Requirement —
Word for word, restate the lines from the one holding "Unsere Öffnungsmechanik für" through the last line of the material below, and leave every picture out.

Collected data —
•••••
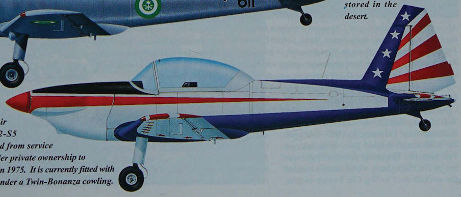 Variations on a theme: 1 de Havilland Canada DHC.1 Chipmunk, Canadian version with clear-view bubble canopy; 2 Farm Aviation built single-seat crop spraying variant, also representative of glider towing role with the addition of leading edge slats; 3 Hants & Sussex Aviation Ltd conversion of G-ATTS in 1966, which operated as a test-bed for the Rover TP-90 gas turbine; 4 Aerostructures Ltd of Australia ‘Sundowner’ conversion VH-CXZ fitted with 18Ihp Lycoming O-360-A1A, wingtip tanks and clear view canopy; and 5 Art Scholl’s single-seat aerobatic version N13Y with all-metal wing, increased area fin and a 260hp Lycoming GO-435 engine for the World Aerobatic Championships of 1968.
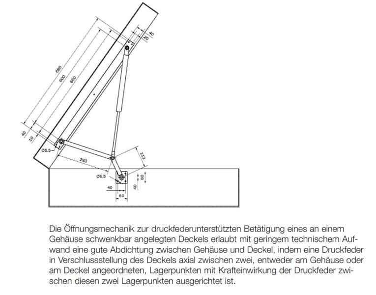 Unsere Öffnungsmechanik für Aluminium-Deckel bietet eine zuverlässige und effiziente Lösung für das Öffnen von Deckeln aus Aluminium. Mit dieser Mechanik können Sie Deckel mühelos und sicher öffnen, ohne dabei auf eine Gasfeder angewiesen zu sein.
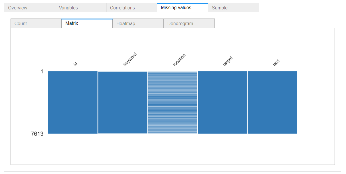 첫 화면 Overview에서는 변수 개수, 데이터 개수 및 NA 비율, 변수 타입 개수 등을 볼 수 있다.
•••••
Problem solution —
 Unsere Öffnungsmechanik für Aluminium-Deckel bietet eine zuverlässige und effiziente Lösung für das Öffnen von Deckeln aus Aluminium. Mit dieser Mechanik können Sie Deckel mühelos und sicher öffnen, ohne dabei auf eine Gasfeder angewiesen zu sein.
 첫 화면 Overview에서는 변수 개수, 데이터 개수 및 NA 비율, 변수 타입 개수 등을 볼 수 있다.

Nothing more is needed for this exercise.